Reference correlation (ref_corr): Captures historical feature relationships in the reference dataset.
Production correlation (prod_corr): Captures new feature relationships in production.
Absolute difference in correlation: Measures how much feature relationships have shifted between the reference and production datasets. Higher values indicate more significant shifts.

Python implementation:

# Calculate correlation matrices
ref_corr = ref_data.corr(method='spearman')
prod_corr = prod_data.corr(method='spearman')
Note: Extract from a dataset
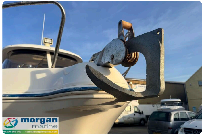
Quicksilver 640 - anchor

# Calculate correlation difference
corr_diff = abs(ref_corr - prod_corr)

Example: Change in correlation

Now, let’s look at the correlation between transaction_amount and account_age_in_months:

In ref_corr, the correlation is 0.00095, indicating a weak relationship between the two features.
In prod_corr, the correlation is -0.0325, indicating a weak negative correlation.
Absolute difference in the Spearman correlation is 0.0335, which is a small but noticeable shift.
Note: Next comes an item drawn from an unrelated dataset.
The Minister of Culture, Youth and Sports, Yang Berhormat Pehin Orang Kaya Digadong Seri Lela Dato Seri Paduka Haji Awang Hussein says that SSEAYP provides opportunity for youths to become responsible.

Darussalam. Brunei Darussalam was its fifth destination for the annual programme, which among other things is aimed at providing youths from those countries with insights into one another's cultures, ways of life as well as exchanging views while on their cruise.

The absolute difference in correlation indicates a shift in the relationship between transaction_amount and account_age_in_months.

There used to be no relationship between these two features, but the production dataset indicates that there is now a weak negative correlation, meaning that newer accounts have higher transaction amounts. This is spot on!

Autoencoder for complex, high-dimensional multivariate shifts

In addition to monitoring pairwise interactions, we can also look for shifts across more dimensions in the data.

Autoencoders are powerful tools for detecting high-dimensional multivariate shifts, where multiple features collectively change in ways that may not be apparent from looking at individual feature distributions or pairwise correlations.

An autoencoder is a neural network that learns a compressed representation of data through two components:

Encoder: Compresses input data into a lower-dimensional representation.
Decoder: Reconstructs the original input from the compressed representation.

To detect shifts, we compare the reconstructed output to the original input and compute the reconstruction loss.

Low reconstruction loss → The autoencoder successfully reconstructs the data, meaning the new observations are similar to what it has seen and learned.
High reconstruction loss → The production data deviates significantly from the learned patterns, indicating potential drift.

Unlike traditional drift metrics that focus on individual features or pairwise relationships, autoencoders capture complex, non-linear dependencies across multiple variables simultaneously.

Python implementation:

ref_features = ref_data[numeric_cols + categorical_cols]
prod_features = prod_data[numeric_cols + categorical_cols]

# Normalize the data
scaler = StandardScaler()
ref_scaled = scaler.fit_transform(ref_features)
prod_scaled = scaler.transform(prod_features)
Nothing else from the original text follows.